| WHAT THE TASK ASKS |
Set down exactly the lines from the first line of the records through the line that contains "This welcoming ranch", and leave every picture out.

| Items listed in a dataset |
---*---
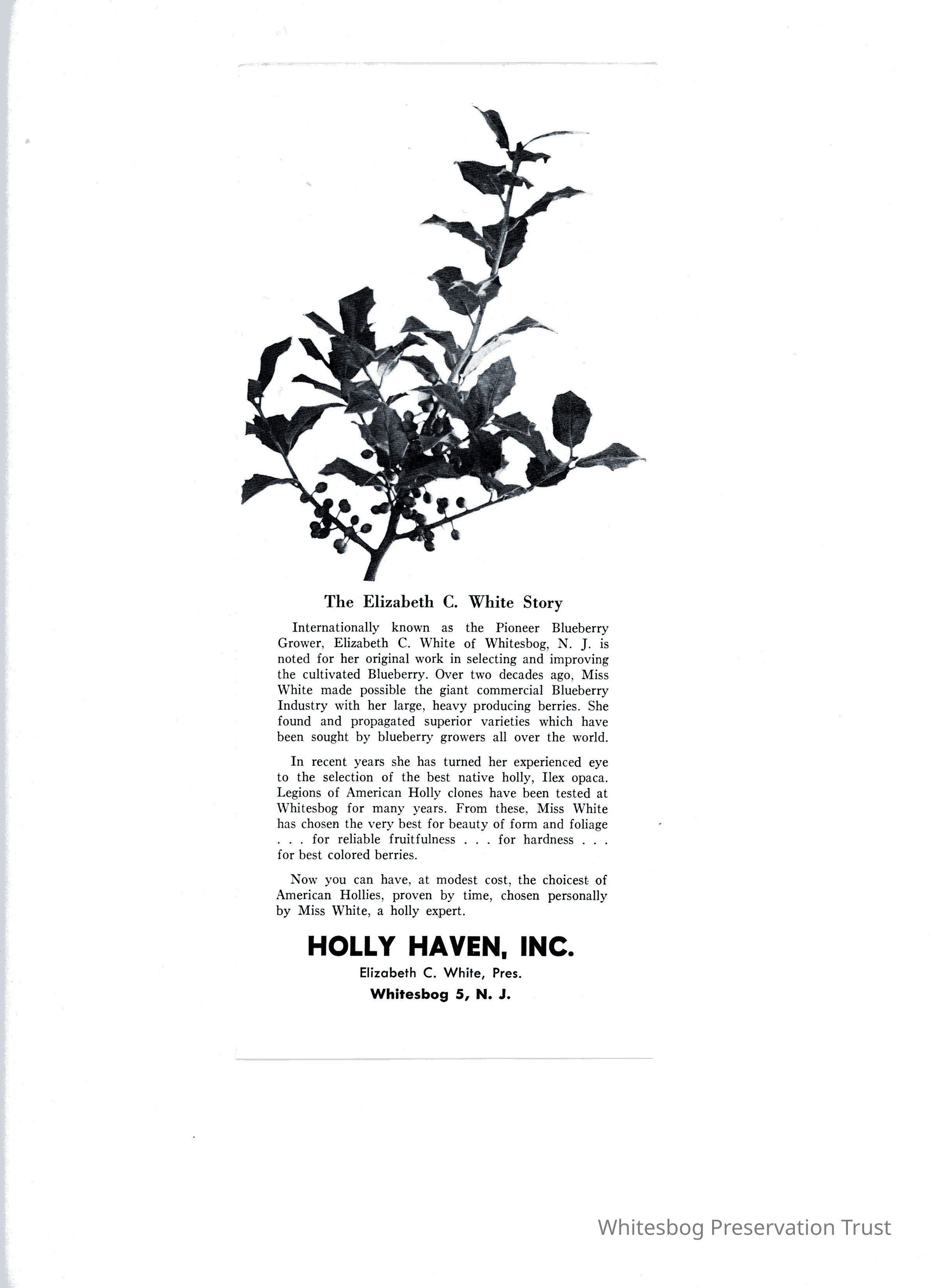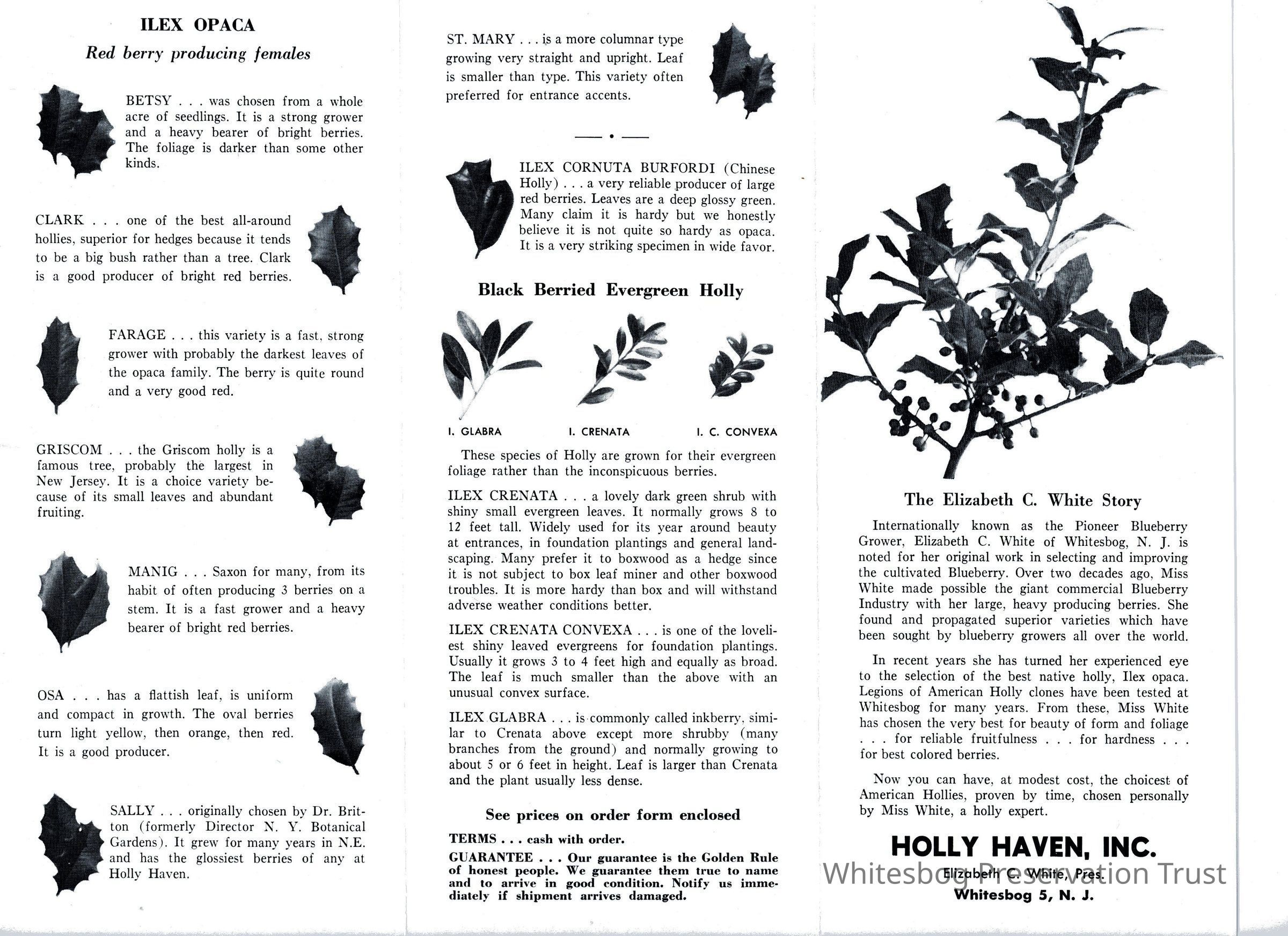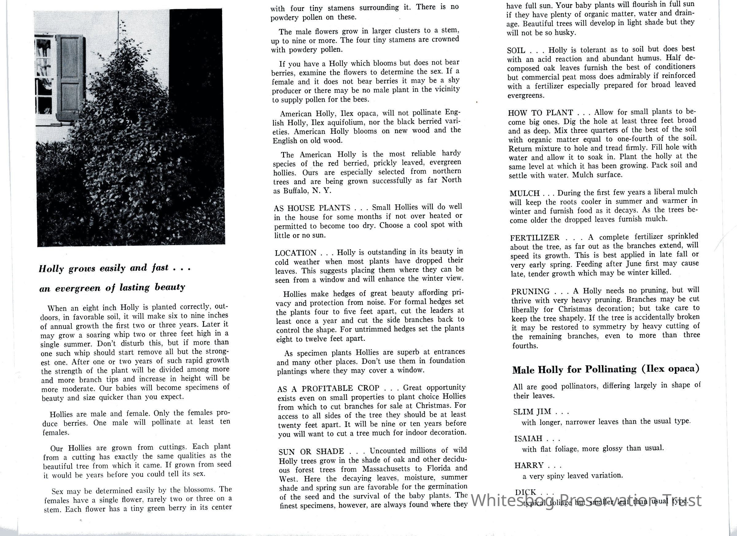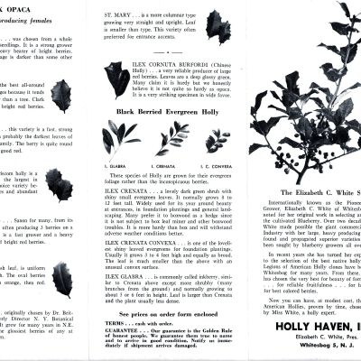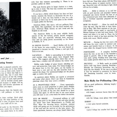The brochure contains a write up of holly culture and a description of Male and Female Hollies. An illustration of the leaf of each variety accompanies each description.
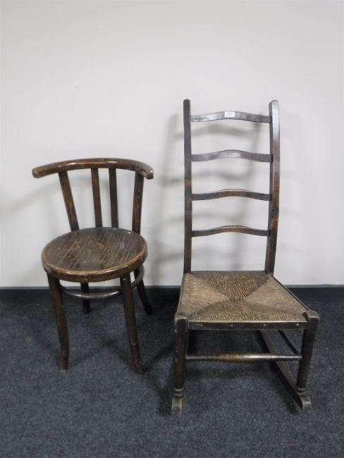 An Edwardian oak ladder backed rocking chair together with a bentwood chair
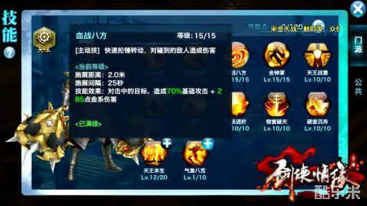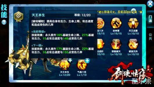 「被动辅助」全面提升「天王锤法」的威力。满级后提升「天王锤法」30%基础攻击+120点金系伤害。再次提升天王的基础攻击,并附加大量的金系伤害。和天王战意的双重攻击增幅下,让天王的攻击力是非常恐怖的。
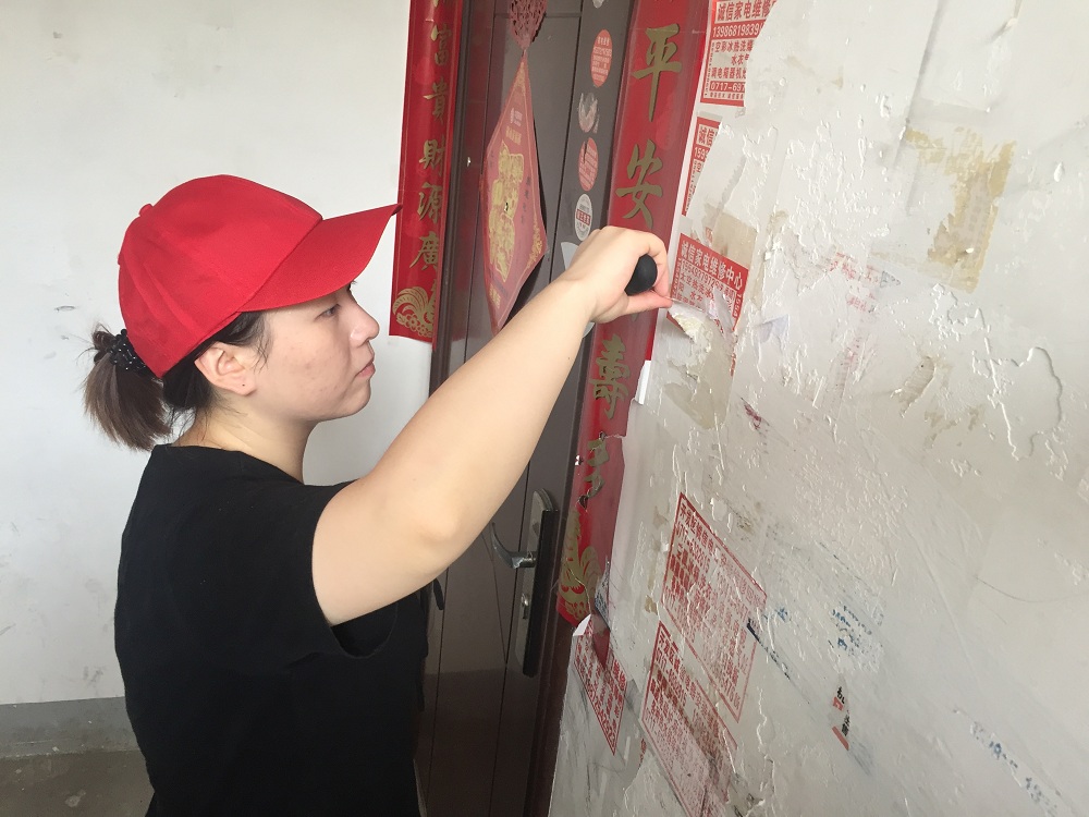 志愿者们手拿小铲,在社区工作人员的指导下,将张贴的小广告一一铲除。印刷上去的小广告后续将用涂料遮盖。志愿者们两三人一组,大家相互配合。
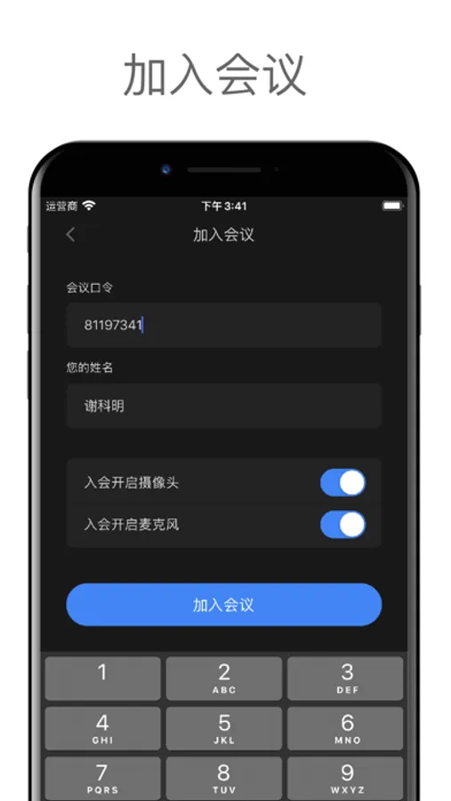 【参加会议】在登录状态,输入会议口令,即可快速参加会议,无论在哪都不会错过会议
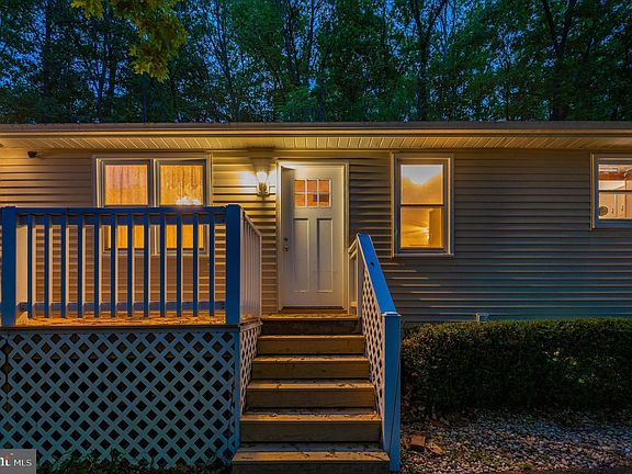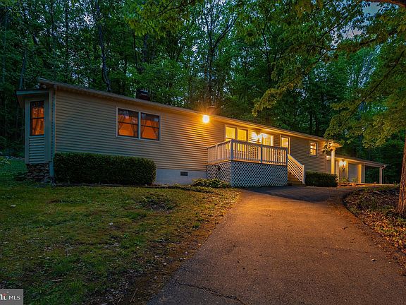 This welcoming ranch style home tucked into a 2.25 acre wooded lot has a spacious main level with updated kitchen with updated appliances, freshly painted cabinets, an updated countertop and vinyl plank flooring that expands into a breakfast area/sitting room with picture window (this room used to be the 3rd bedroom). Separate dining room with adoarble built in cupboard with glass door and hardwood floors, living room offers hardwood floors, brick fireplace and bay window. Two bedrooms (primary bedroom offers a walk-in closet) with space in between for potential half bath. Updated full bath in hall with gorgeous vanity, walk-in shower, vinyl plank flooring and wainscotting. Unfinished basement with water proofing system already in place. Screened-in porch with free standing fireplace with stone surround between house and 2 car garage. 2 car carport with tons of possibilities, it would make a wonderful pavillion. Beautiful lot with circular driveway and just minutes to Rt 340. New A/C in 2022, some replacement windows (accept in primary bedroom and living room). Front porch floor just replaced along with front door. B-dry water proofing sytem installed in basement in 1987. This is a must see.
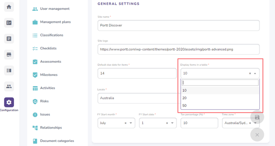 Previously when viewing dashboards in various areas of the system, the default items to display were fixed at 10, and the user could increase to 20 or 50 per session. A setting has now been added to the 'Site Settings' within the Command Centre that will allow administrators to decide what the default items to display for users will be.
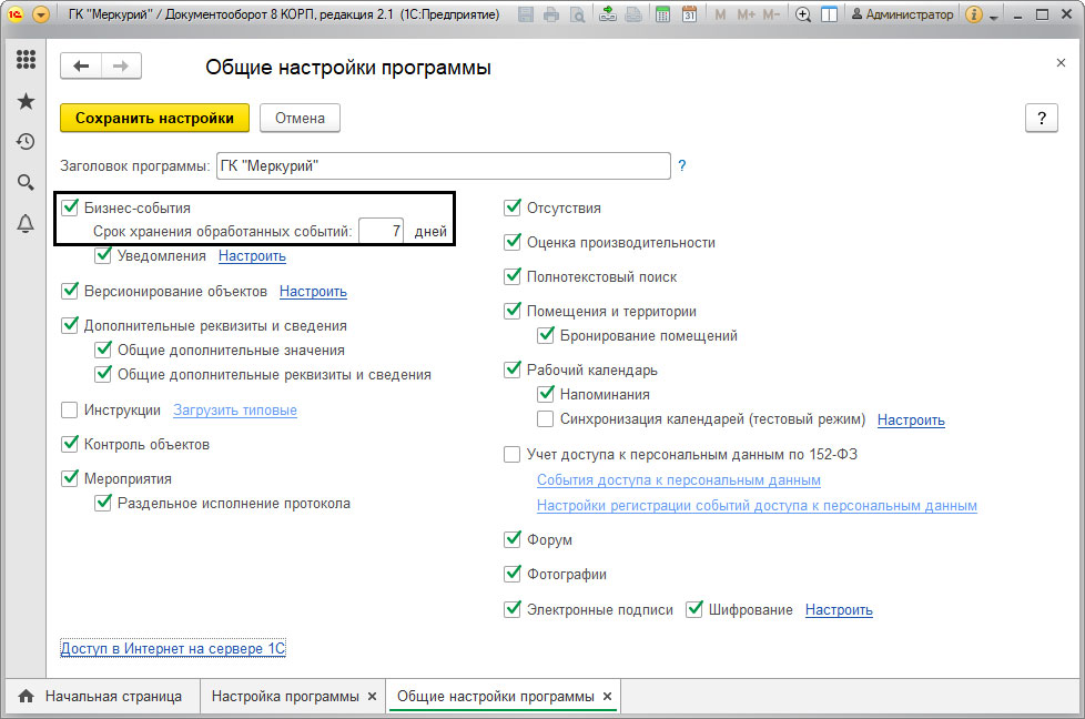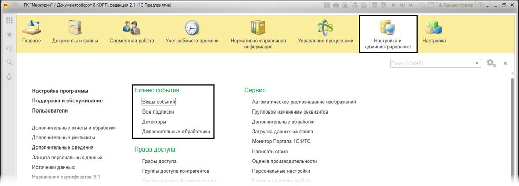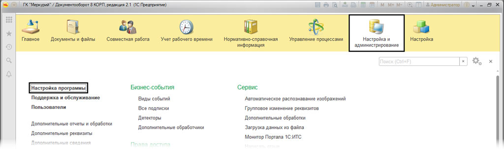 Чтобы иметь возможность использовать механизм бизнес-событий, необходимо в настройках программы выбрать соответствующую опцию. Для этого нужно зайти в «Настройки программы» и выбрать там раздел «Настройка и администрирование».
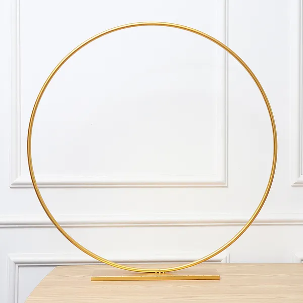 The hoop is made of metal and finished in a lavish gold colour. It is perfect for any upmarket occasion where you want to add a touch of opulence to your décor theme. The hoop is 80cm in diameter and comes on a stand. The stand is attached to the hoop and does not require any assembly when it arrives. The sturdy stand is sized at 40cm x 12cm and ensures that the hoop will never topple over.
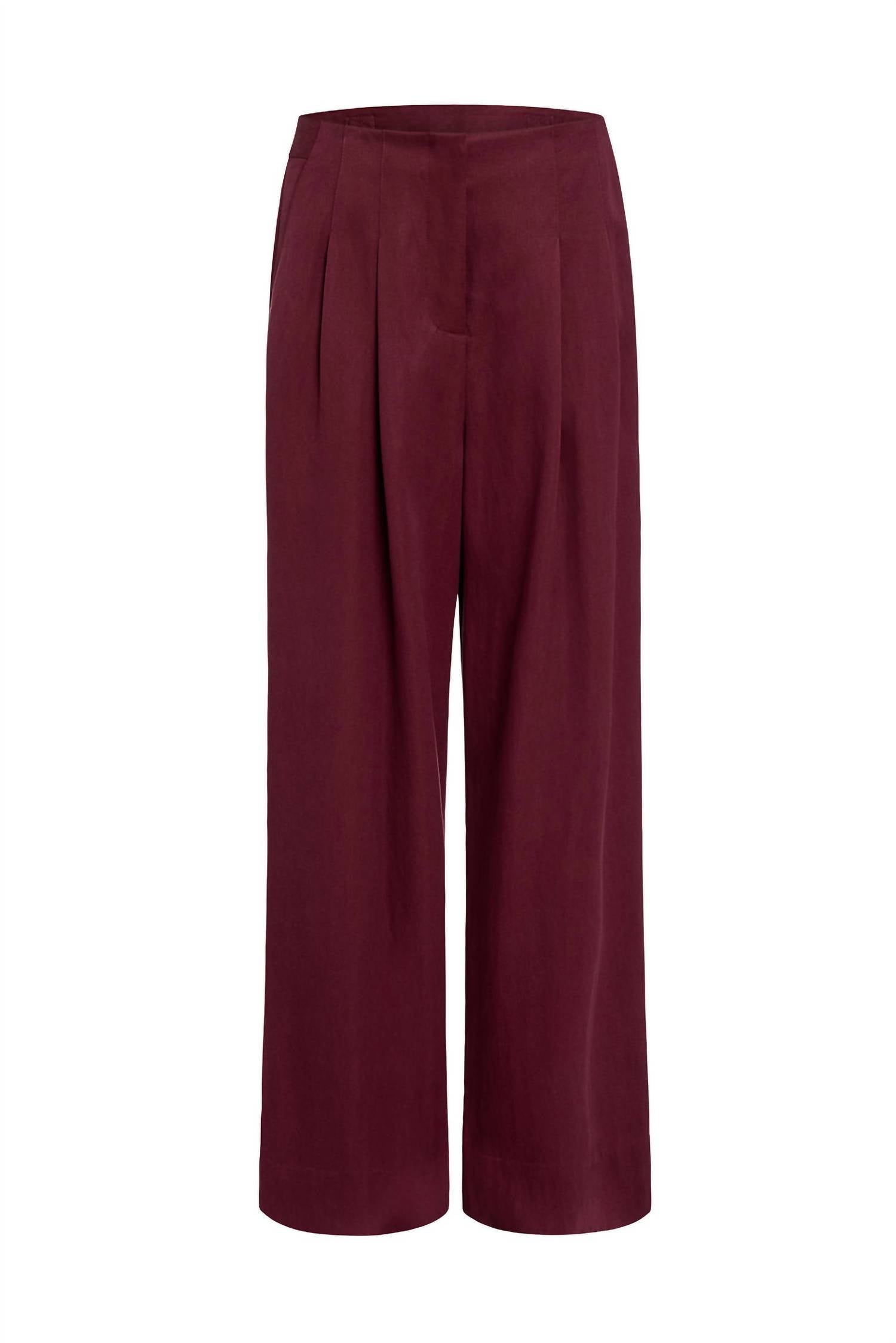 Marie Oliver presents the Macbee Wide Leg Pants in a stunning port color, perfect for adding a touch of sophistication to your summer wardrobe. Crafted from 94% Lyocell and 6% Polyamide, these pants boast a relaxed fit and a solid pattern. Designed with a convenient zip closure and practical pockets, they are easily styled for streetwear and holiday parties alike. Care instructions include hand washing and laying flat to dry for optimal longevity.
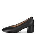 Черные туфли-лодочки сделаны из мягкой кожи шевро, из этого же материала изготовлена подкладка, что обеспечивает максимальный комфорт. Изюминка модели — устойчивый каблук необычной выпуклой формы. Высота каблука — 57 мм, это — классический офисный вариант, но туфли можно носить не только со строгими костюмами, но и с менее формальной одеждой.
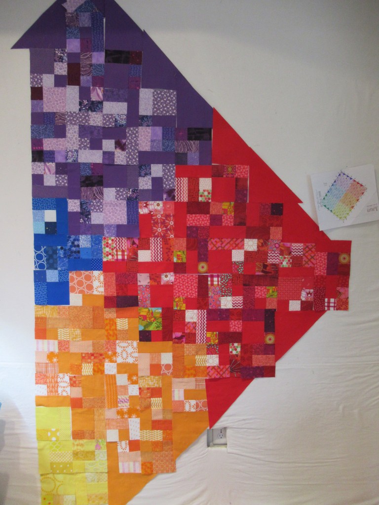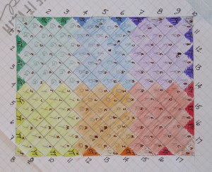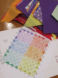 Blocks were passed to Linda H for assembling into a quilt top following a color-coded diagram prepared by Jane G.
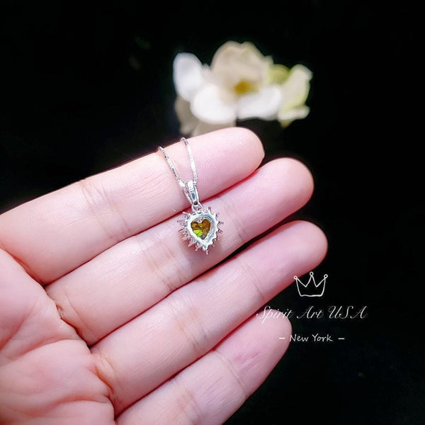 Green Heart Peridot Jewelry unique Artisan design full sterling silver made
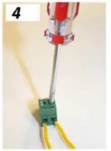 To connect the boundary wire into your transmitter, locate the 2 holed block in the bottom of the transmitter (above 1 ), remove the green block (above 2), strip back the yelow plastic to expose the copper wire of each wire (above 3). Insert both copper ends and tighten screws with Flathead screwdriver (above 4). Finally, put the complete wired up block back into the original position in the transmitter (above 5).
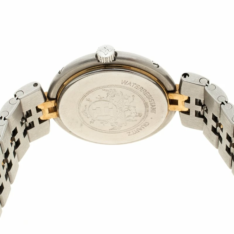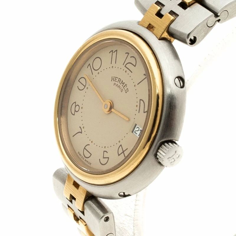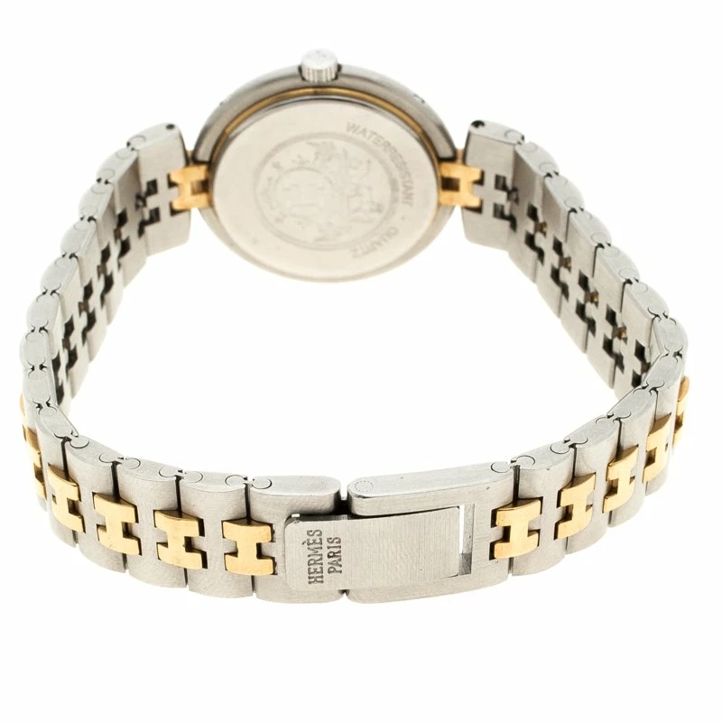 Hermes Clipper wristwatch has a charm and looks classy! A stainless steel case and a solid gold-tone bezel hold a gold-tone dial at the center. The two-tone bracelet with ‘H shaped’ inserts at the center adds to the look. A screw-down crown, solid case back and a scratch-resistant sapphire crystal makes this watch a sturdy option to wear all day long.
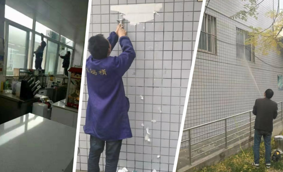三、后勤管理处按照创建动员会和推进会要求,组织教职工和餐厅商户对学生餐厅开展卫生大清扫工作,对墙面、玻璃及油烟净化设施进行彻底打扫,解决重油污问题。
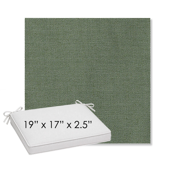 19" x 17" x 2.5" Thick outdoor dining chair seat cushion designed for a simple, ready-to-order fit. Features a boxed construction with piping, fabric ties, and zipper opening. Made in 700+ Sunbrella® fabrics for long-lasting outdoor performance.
---*---
| ANSWER FOR THE TASK |
The brochure contains a write up of holly culture and a description of Male and Female Hollies. An illustration of the leaf of each variety accompanies each description.
 An Edwardian oak ladder backed rocking chair together with a bentwood chair
 「被动辅助」全面提升「天王锤法」的威力。满级后提升「天王锤法」30%基础攻击+120点金系伤害。再次提升天王的基础攻击,并附加大量的金系伤害。和天王战意的双重攻击增幅下,让天王的攻击力是非常恐怖的。
 志愿者们手拿小铲,在社区工作人员的指导下,将张贴的小广告一一铲除。印刷上去的小广告后续将用涂料遮盖。志愿者们两三人一组,大家相互配合。
 【参加会议】在登录状态,输入会议口令,即可快速参加会议,无论在哪都不会错过会议
 This welcoming ranch style home tucked into a 2.25 acre wooded lot has a spacious main level with updated kitchen with updated appliances, freshly painted cabinets, an updated countertop and vinyl plank flooring that expands into a breakfast area/sitting room with picture window (this room used to be the 3rd bedroom). Separate dining room with adoarble built in cupboard with glass door and hardwood floors, living room offers hardwood floors, brick fireplace and bay window. Two bedrooms (primary bedroom offers a walk-in closet) with space in between for potential half bath. Updated full bath in hall with gorgeous vanity, walk-in shower, vinyl plank flooring and wainscotting. Unfinished basement with water proofing system already in place. Screened-in porch with free standing fireplace with stone surround between house and 2 car garage. 2 car carport with tons of possibilities, it would make a wonderful pavillion. Beautiful lot with circular driveway and just minutes to Rt 340. New A/C in 2022, some replacement windows (accept in primary bedroom and living room). Front porch floor just replaced along with front door. B-dry water proofing sytem installed in basement in 1987. This is a must see.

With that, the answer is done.